Pruner is a "Draft-then-Verify" exploration mechanism that accelerates the schedule search process.
This repository is the official implementation of
Pruner: A Draft-then-Verify Exploration Mechanism to Accelerate Tensor Program Tuning
(Liang Qiao et al; ASPLOS 2025).
- This repo is based on a fork of Tenset.
-
Build and install this repo following the guide.
-
Version information can refer to here.
-
Register device abstraction on Pruner as abstraction
Quick tutorial on using Pruner on NVIDIA A100 refer to tutorial.

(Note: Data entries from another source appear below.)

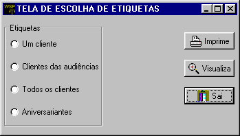 O nono são as etiquetas para várias situações, quando você clicar no botão etiquetas, vai aparecer esta tela lhe pedindo para escolher uma das opções. Importante: as etiquetas tem que ser PIMACO código 6282, que se encontra em qualquer papelaria.
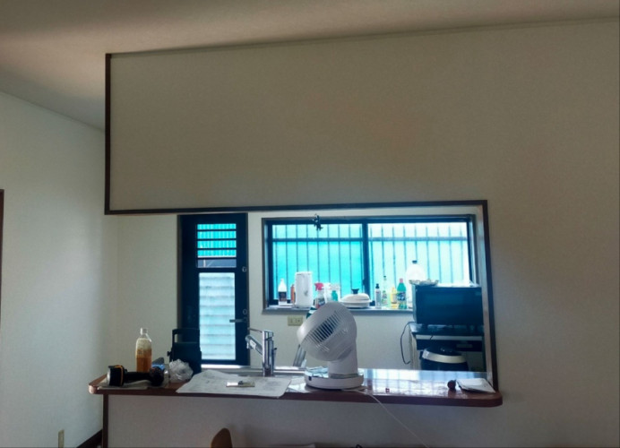 せっかくなので、キッチンだけでなく、キッチンの延長線上にあるリビングの壁紙も張り替えたのでスッキリ明るい印象になりました。
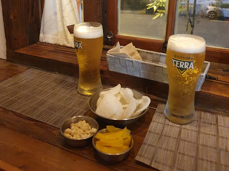 먼저 맥주와 기본 안주로 새우칩, 콘샐러드, 단무지가 나왔어요.

- Search with Pruner (tuning 2,000 trials)
python3 tune_network.py --network resnet_50 --n-trials 2000 --cost-model pam --target "cuda --model=a100" --psa a100_40
- Search with the MoA-Pruner (tuning 2,000 trials)
python3 tune_network.py --network resnet_50 --n-trials 2000 --cost-model pam-siamese-update --load-model pam_k80_1500.pkl --target "cuda --model=a100" --psa a100_40
- Search with Ansor (tuning 2,000 trials)
# Using TensetMLP code
python3 tune_network.py --network resnet_50 --n-trials 2000 --cost-model mlp --target "cuda --model=a100"
-
Pretrain or Finetune a model refer to tutorial
-
Search with the Pruner w/ finetuned model (tuning 2,000 trials)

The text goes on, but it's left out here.